● The data
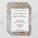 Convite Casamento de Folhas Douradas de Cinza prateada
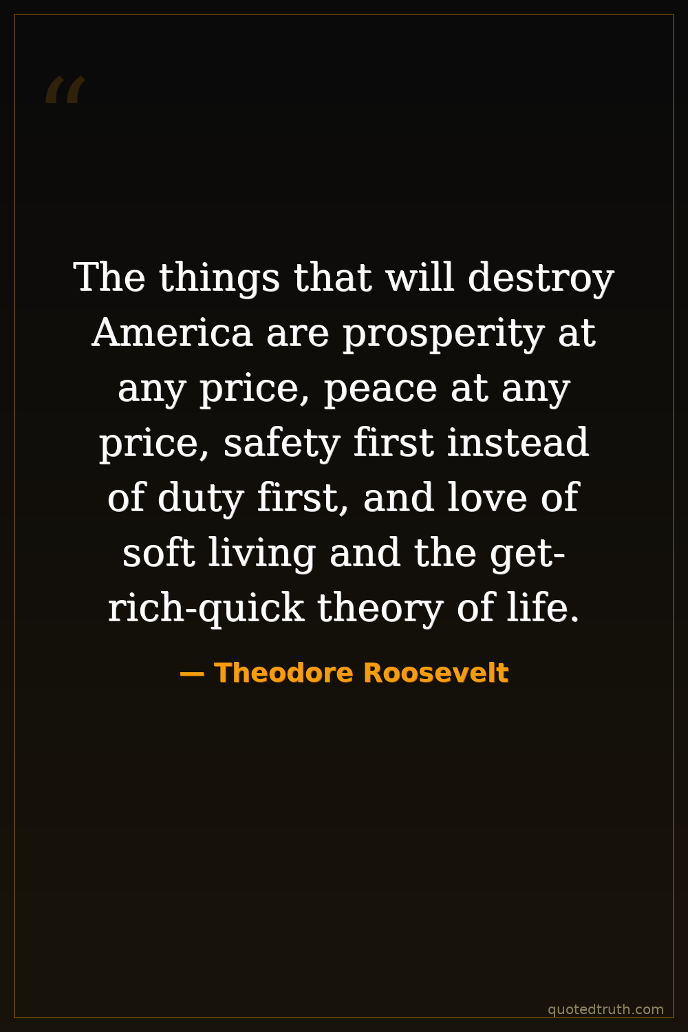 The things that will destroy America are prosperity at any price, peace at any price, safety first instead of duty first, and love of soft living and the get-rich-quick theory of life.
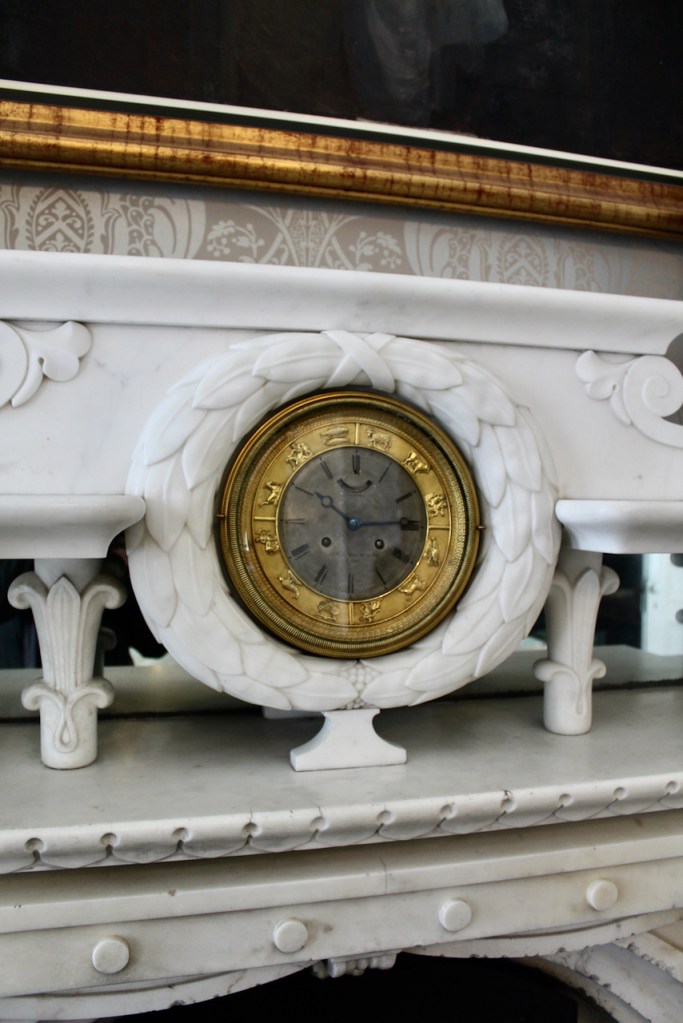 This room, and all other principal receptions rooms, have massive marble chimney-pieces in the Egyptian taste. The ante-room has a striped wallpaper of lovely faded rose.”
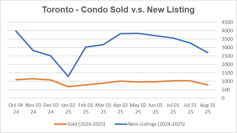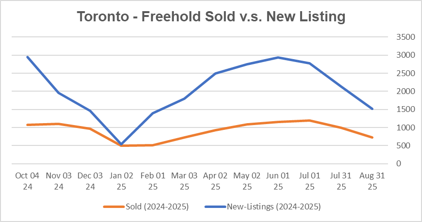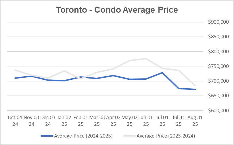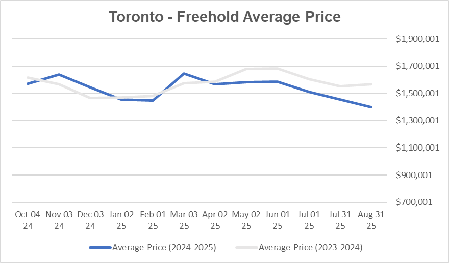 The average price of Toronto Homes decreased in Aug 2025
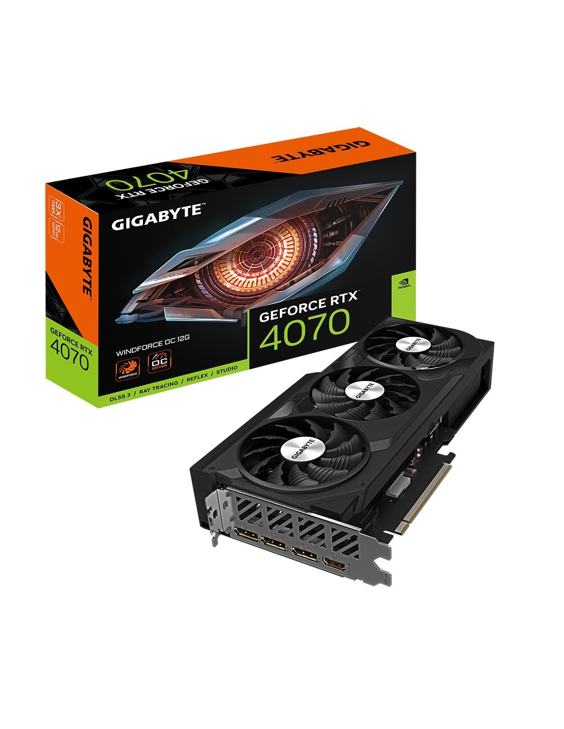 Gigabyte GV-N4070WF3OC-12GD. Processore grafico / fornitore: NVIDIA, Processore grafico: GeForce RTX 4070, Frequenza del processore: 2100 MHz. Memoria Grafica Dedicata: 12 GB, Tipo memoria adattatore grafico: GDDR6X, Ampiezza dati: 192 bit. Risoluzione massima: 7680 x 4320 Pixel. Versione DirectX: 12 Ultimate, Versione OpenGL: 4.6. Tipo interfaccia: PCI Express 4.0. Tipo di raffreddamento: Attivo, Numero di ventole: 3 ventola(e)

● About this task
All the records need to be set down word for word, with the images left out.

● Answer to this task
 Convite Casamento de Folhas Douradas de Cinza prateada
 The things that will destroy America are prosperity at any price, peace at any price, safety first instead of duty first, and love of soft living and the get-rich-quick theory of life.
 This room, and all other principal receptions rooms, have massive marble chimney-pieces in the Egyptian taste. The ante-room has a striped wallpaper of lovely faded rose.”
 The average price of Toronto Homes decreased in Aug 2025
 Gigabyte GV-N4070WF3OC-12GD. Processore grafico / fornitore: NVIDIA, Processore grafico: GeForce RTX 4070, Frequenza del processore: 2100 MHz. Memoria Grafica Dedicata: 12 GB, Tipo memoria adattatore grafico: GDDR6X, Ampiezza dati: 192 bit. Risoluzione massima: 7680 x 4320 Pixel. Versione DirectX: 12 Ultimate, Versione OpenGL: 4.6. Tipo interfaccia: PCI Express 4.0. Tipo di raffreddamento: Attivo, Numero di ventole: 3 ventola(e)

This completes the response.